In poultry, yeast β-glucans supplementation protects against a number of economically-important pathogens, such as Salmonella enterica, Escherichia coli and Eimeria species and improves gut health and increases disease resistance (Cox et al., 2010b, Huff et al., 2010, Lowry et al., 2005, Revolledo et al., 2009, Shao et al., 2013). Yeast β-glucans supplementation enhances lysozyme and complement levels, improves phagocytic activity and alters tight junction protein expressions (Chen et al., 2008, Chuammitri et al., 2011, Lowry et al., 2005). Broilers supplemented with yeast β-glucans have increased humoral and cell-mediated immune responses (Chae et al., 2006, Cox et al., 2010a, Cox et al., 2010b, Kumar et al., 2011, Redmond et al., 2010, Shao et al., 2013). In addition, supplementation with yeast cell wall extract prevents production loss, regulates intestinal innate immune responses, decreases intestinal C. perfringens colonization and proliferation and reduces gut lesions scores after oral infection with coccidial oocysts and C. perfrigens in broilers (M'Sadeq et al., 2015, Thanissery et al., 2010, Yitbarek et al., 2012).

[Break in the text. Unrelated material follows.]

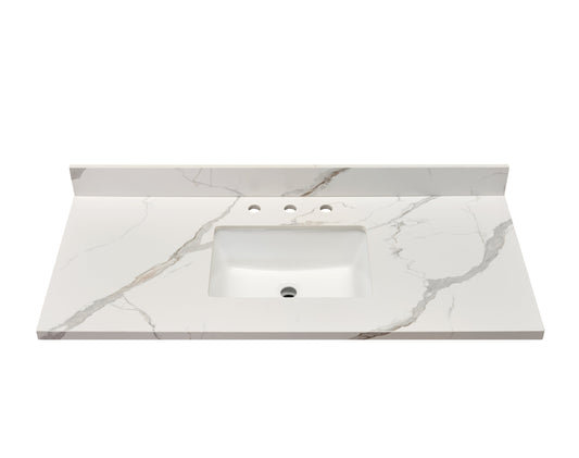 49" Sintered Stone Vanity Top in Calacatta White with White Sink
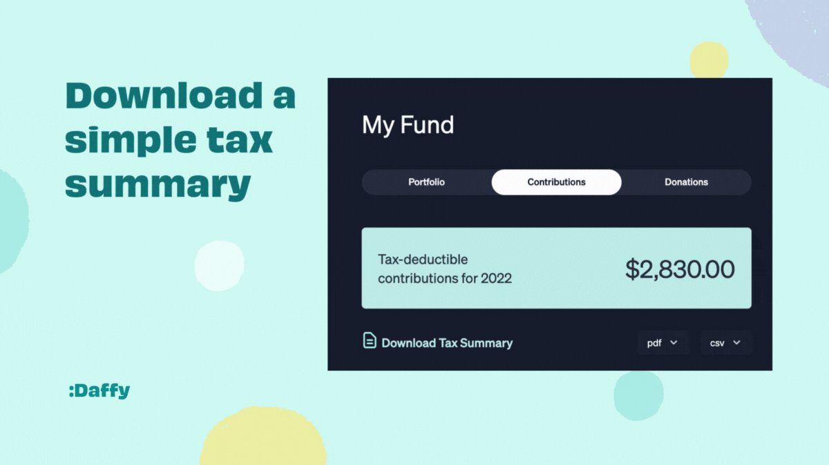 In addition to the ability to download a PDF, you’ll now easily be able to consolidate your tax deductions from Daffy with any existing spreadsheets your accountant or you are managing for tax or other tracking purposes.

Antimicrobial peptides (AMPs) are ubiquitous in biological organisms including mammals, birds, insects and plants, and generally expressed in mucosal linings (e.g. skin, intestine, respiratory tract) and constitute a critical component of innate immune responses due to broad-spectrum antimicrobial activity and immunomodulatory properties (Cuperus et al., 2013, Zhang and Sunkara, 2014). Besides having direct antimicrobial activities, AMPs modulate innate immune responses and control homeostasis by inducing chemotaxis and activating leukocytes, inducing and/or inhibiting cytokine production (Lai and Gallo, 2009, Zhang and Sunkara, 2014). Avian AMPs belong to three main families: β-defensins (AvBD-1 to 14), cathelicidins (Cath-1 to −3) and liver expressed antimicrobial peptides 2 (LEAP-2) (Cuperus et al., 2013, Michailidis, 2010, Townes et al., 2004, van Dijk et al., 2008, Zhang and Sunkara, 2014). Although previous research has reported that yeast β-glucans can influence gene expression of AMPs in fish (Marel et al., 2012, Schmitt et al., 2015), there are currently no studies of AMP expression following yeast β-glucans supplementation in chickens infected with NE. We hypothesized that yeast β-glucans supplementation could improve gut health and enhance intestinal innate immunity against NE by increasing intestinal AMPs in broiler chickens. To test this hypothesis, we investigated the effect of yeast β-glucans supplementation on growth performance, gut morphology, intestinal C. perfringens population and endogenous antimicrobial peptides (β-defensins, Cathelicidins and LEAP-2) expression and humoral immune response of broiler chickens infected with Eimeria oocysts and C. perfrigens. In summary, the collected data indicated that yeast β-glucans supplementation improved gut health and enhanced host disease resistance in chickens challenged with NE by inducing endogenous AMPs.